Source: Sharecast
US commerce secretary Howard Lutnick reportedly told Fox News that the final tariff rate on Mexico and Canada remained uncertain, and could be lower than the proposed 25%, while confirming that the additional 10% duty on Chinese imports was fixed.
“Delays or adjustments [to the tariffs] may occur depending on trade negotiations, with a possible postponement until 1 April for further study,” noted Patrick Munnelly, market strategy partner at TickMill.
“Economic concerns deepened as disappointing US data pushed the Atlanta Fed GDPNow tracker from +2.3% to -1.5%.
“Tariffs are expected to hurt consumption, exacerbating an already weak outlook.”
Munnelly said January’s import spike, driven by tariff fears, inflated the trade deficit but could include non-monetary gold, not reflected in GDP.

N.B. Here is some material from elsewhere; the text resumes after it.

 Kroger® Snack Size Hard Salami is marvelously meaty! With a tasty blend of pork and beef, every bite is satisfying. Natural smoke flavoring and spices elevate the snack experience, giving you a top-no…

“Markets remain sensitive to upcoming ISM data and payroll figures, with 73 basis points of Fed rate cuts priced in by January.

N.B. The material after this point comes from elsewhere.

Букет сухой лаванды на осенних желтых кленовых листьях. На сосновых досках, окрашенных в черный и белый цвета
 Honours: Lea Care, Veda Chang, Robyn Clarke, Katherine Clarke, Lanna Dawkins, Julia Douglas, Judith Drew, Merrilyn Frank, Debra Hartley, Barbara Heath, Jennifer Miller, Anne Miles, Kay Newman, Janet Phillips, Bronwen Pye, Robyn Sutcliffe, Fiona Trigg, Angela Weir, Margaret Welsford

“Fed chair Powell’s remarks post-payroll release will be closely watched.”
Most markets rise as investors watch for tariff news
Japan’s Nikkei 225 gained 1.7% to close at 37,785.47, supported by strong performances from industrial and recruitment stocks.
IHI Corporation surged 7.75%, Recruit Holdings added 6.93%, and Mitsubishi Heavy Industries climbed 6.74%.

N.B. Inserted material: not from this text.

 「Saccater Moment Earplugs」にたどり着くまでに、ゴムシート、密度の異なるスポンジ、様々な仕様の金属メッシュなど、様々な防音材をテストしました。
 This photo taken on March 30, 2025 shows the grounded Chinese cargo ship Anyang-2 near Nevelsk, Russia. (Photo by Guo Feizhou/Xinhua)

The broader Topix index advanced 1.77% to 2,729.56.
Mainland Chinese markets were mixed - the Shanghai Composite dipped 0.12% to 2,729.56, weighed down by sharp losses in Kangxin New Materials, Beijing Vantone Real Estate, and Guangdong Rongtai Industry, all of which fell around 10%.
In contrast, the Shenzhen Component edged up 0.36% to 10,649.59.
Hong Kong’s Hang Seng Index rose 0.28% to 23,006.27, with renewable energy and healthcare stocks leading the gains.
Xinyi Solar Holdings jumped 8.51%, JD Health International advanced 5.03%, and Alibaba Health Information Technology added 3.39%.
In Australia, the S&P/ASX 200 climbed 0.9% to 8,245.70, driven by strength in mining and travel stocks.
Mineral Resources rose 5.37%, Qantas Airways gained 4.94%, and Contact Energy increased 4.71%.
New Zealand’s market moved in the opposite direction, with the S&P/NZX 50 slipping 0.41% to 12,550.05.
EBOS Group and Infratil both declined 3.4%, while Vista Group International lost 2.36%.
South Korea’s markets were closed for the Independence Movement Day holiday.
In currency markets, the dollar was last down 0.09% on the yen to trade at JPY 150.50, as it lost 0.27% against the Aussie to AUD 1.6063, and retreated 0.16% from the Kiwi, changing hands at NZD 1.7835.
Oil prices eased, with Brent crude futures last down 0.32% on ICE to $72.58 per barrel, while the NYMEX quote for West Texas Intermediate fell 0.43% to $69.46.
China manufacturing sector shows strength, Australian activity stable
In economic news, China’s manufacturing sector showed its strongest expansion in three months, with the Caixin/S&P Global manufacturing purchasing managers’ index rising to 50.8 in February, surpassing market expectations of 50.3.
The private-sector reading aligned with the official manufacturing PMI released earlier, which climbed to 50.2 from January’s 49.1, marking a return to expansion.
The non-manufacturing PMI, covering services and construction, also improved slightly to 50.4 from 50.2.
In Australia, manufacturing activity remained stable, with the S&P Global manufacturing PMI registering 50.4 in February, little changed from the previous month’s 50.6.
Meanwhile, Japan’s government bond yields continued their upward trend.
The 30-year Japanese government bond yield rose to 2.362%, reaching a 17-year high, while the 10-year yield hovered around 1.4% after touching a 15-year peak in February.
It followed speculation that the Bank of Japan could raise interest rates further, with board member Hajime Takata warning last month that prolonged low rates could fuel excessive risk-taking and inflationary pressures.